> **DATA EXTRACT**:
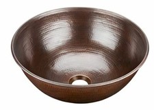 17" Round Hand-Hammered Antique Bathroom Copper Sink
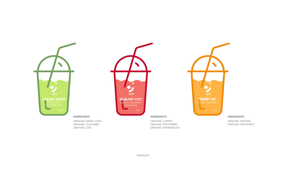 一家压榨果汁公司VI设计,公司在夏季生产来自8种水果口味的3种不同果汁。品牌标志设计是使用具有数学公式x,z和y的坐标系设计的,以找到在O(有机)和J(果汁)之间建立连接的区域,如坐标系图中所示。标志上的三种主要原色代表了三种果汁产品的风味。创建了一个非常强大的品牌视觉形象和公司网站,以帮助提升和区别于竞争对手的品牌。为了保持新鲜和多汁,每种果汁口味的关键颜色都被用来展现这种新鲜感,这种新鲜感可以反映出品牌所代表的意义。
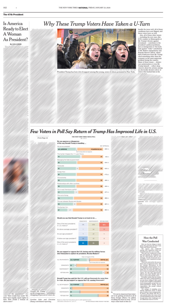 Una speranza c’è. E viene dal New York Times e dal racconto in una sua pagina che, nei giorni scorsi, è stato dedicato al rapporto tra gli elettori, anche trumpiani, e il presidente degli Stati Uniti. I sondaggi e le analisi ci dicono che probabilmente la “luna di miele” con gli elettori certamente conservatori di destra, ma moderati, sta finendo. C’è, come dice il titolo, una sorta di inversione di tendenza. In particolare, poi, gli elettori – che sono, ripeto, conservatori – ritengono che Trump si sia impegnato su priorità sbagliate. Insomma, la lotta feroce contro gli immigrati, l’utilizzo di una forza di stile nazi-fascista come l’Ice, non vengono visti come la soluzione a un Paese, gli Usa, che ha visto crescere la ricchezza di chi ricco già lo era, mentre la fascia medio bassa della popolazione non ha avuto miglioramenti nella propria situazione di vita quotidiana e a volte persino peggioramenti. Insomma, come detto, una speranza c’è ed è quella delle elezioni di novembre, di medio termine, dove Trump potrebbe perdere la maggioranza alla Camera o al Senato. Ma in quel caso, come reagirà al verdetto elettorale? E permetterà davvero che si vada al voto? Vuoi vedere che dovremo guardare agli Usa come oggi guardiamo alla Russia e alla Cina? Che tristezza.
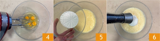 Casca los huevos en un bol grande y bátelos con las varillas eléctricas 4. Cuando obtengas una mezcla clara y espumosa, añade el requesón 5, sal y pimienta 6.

---

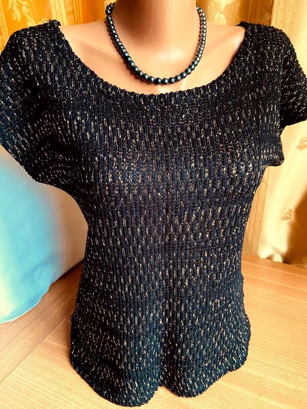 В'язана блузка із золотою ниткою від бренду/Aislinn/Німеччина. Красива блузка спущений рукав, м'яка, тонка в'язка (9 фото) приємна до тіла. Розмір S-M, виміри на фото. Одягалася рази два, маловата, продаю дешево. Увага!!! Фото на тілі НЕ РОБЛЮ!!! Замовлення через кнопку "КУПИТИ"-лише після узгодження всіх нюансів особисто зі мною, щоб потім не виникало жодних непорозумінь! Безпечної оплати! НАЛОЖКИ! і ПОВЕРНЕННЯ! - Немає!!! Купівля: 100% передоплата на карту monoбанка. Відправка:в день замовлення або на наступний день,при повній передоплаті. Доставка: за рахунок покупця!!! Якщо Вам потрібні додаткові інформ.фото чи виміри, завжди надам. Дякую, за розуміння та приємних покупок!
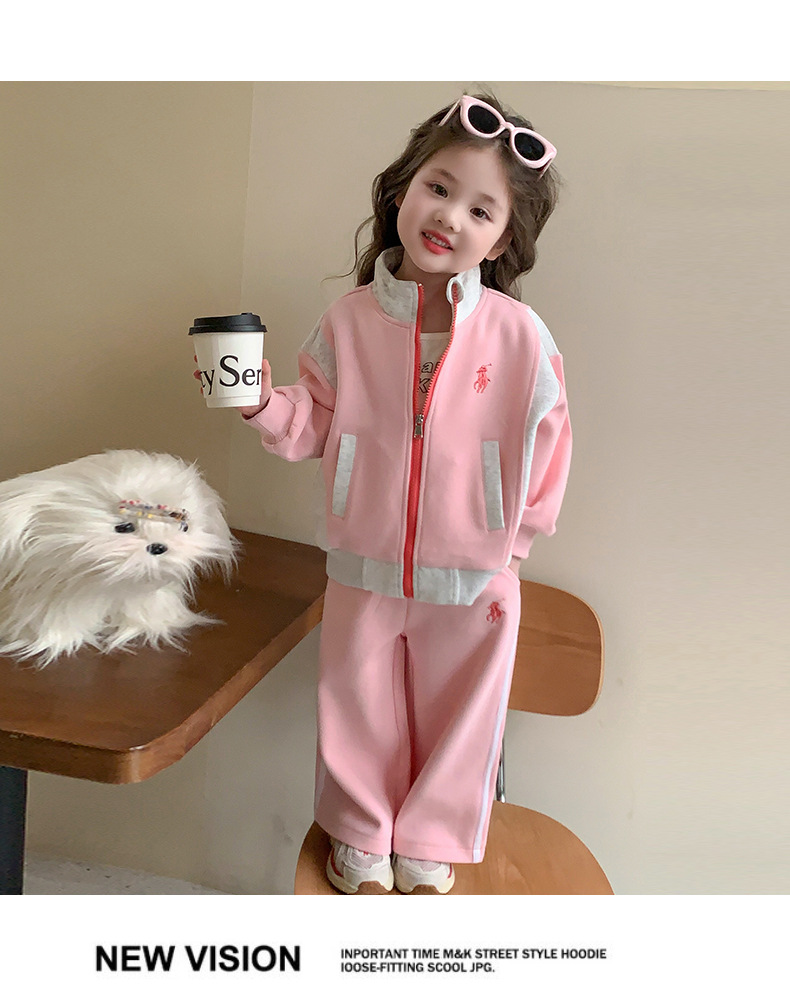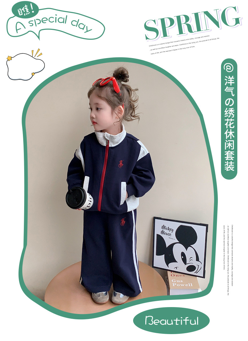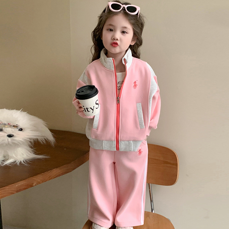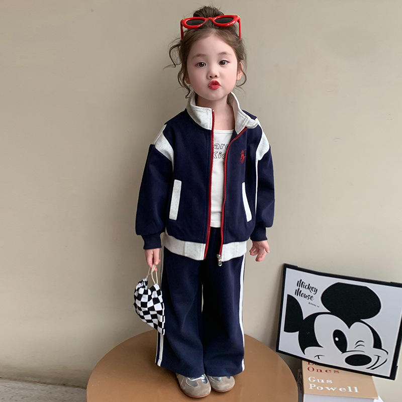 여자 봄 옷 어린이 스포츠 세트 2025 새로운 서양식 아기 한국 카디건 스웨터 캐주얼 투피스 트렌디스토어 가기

> **THE PROBLEM**: Produce an exact reproduction of the listing above, limited to the lines starting at the line with "Bathroom Copper Sink" and ending at the line with "一家压榨果汁公司VI设计,公", both kept, with every picture left out.

> **SOLUTION BELOW**:
 17" Round Hand-Hammered Antique Bathroom Copper Sink
 一家压榨果汁公司VI设计,公司在夏季生产来自8种水果口味的3种不同果汁。品牌标志设计是使用具有数学公式x,z和y的坐标系设计的,以找到在O(有机)和J(果汁)之间建立连接的区域,如坐标系图中所示。标志上的三种主要原色代表了三种果汁产品的风味。创建了一个非常强大的品牌视觉形象和公司网站,以帮助提升和区别于竞争对手的品牌。为了保持新鲜和多汁,每种果汁口味的关键颜色都被用来展现这种新鲜感,这种新鲜感可以反映出品牌所代表的意义。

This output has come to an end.